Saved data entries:
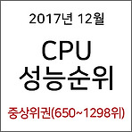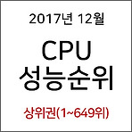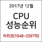 CPU 성능순위 / 성능비교 / 벤치마크 상위권, 2017년 12월 High End CPUs Updated 5th of December 2017 구분 순위 상세보기 상위권 1~649 http://090501.tistory.com/137 중상위권 650~1298 http://090501.tistory.com/138 중하위권 1299~1947 http://090501.tistory.com/139 하위권 1948~2597 http://090501.tistory.com/140 'Ctrl + F'로 모델을 바로 검색하세요. 모바일에서는 '페이지 내에서 찾기 기능'을 사용하여 검색하면 됩니다. Rank Model Mark 1 Intel Core i9-7980XE @ 2.60GHz 27,822 2 Intel Core..
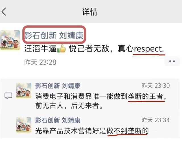 刘靖康在朋友圈写道:"汪滔牛逼,悦己者无敌,真心respect,消费电子和消费品唯一能做到垄断的王者,光靠产品技术营销好是做不到垄断的"。这条动态经截图传播后,在科技圈引发轩然大波。表面是赞美之词,实则因两次使用"垄断"一词,引发行业对大疆市场地位的深度解读。
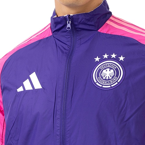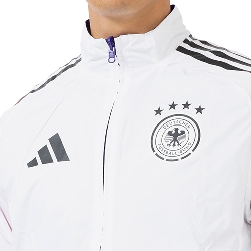ドイツ代表のプライドを掲げる、アディダス ジャケット。チームのホームでもアウェイに遠征するときにも着られる、選手が着用するキットと同じデザインを身に纏える、リバーシブルのフルジップデザイン。
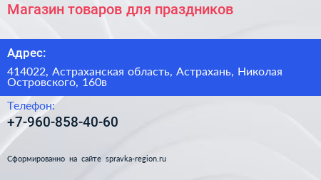 Магазин товаров для праздников по адресу 414022, Астраханская область, Астрахань, Николая Островского, 160в в дальнейшем Организация, размещена в следующих категориях:
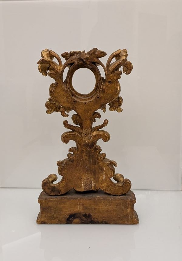 Reliquiario a ostensorio in legno di bosso dorato e riccamente intagliato con girali fogliati e fiori, poggiante su una base
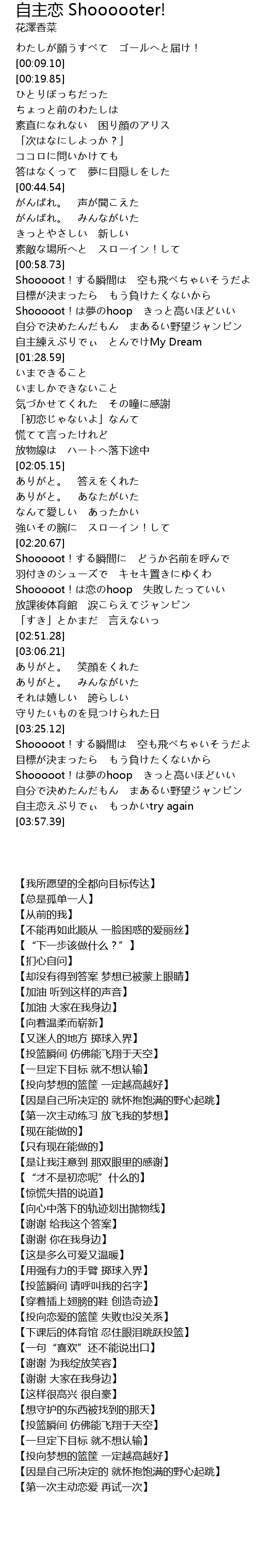 | [03:39.09] | Shooooot!は夢のhoop きっと高いほどいい |
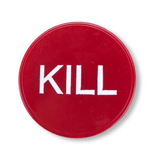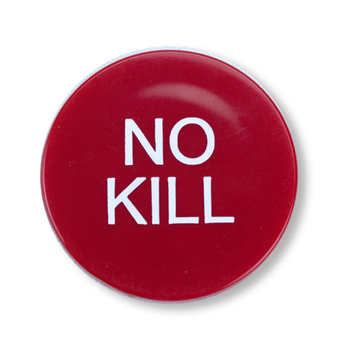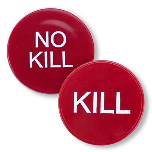 This reversible button is red and the word "Kill" is stamped in white lettering on one side and the words "No Kill" are stamped in white lettering on the other side.

#### [Instructions to follow]
The records above must all be output exactly. Omit the images.

#### [Response to the task]
 CPU 성능순위 / 성능비교 / 벤치마크 상위권, 2017년 12월 High End CPUs Updated 5th of December 2017 구분 순위 상세보기 상위권 1~649 http://090501.tistory.com/137 중상위권 650~1298 http://090501.tistory.com/138 중하위권 1299~1947 http://090501.tistory.com/139 하위권 1948~2597 http://090501.tistory.com/140 'Ctrl + F'로 모델을 바로 검색하세요. 모바일에서는 '페이지 내에서 찾기 기능'을 사용하여 검색하면 됩니다. Rank Model Mark 1 Intel Core i9-7980XE @ 2.60GHz 27,822 2 Intel Core..
 刘靖康在朋友圈写道:"汪滔牛逼,悦己者无敌,真心respect,消费电子和消费品唯一能做到垄断的王者,光靠产品技术营销好是做不到垄断的"。这条动态经截图传播后,在科技圈引发轩然大波。表面是赞美之词,实则因两次使用"垄断"一词,引发行业对大疆市场地位的深度解读。
ドイツ代表のプライドを掲げる、アディダス ジャケット。チームのホームでもアウェイに遠征するときにも着られる、選手が着用するキットと同じデザインを身に纏える、リバーシブルのフルジップデザイン。
 Магазин товаров для праздников по адресу 414022, Астраханская область, Астрахань, Николая Островского, 160в в дальнейшем Организация, размещена в следующих категориях:
 Reliquiario a ostensorio in legno di bosso dorato e riccamente intagliato con girali fogliati e fiori, poggiante su una base
 | [03:39.09] | Shooooot!は夢のhoop きっと高いほどいい |
 This reversible button is red and the word "Kill" is stamped in white lettering on one side and the words "No Kill" are stamped in white lettering on the other side.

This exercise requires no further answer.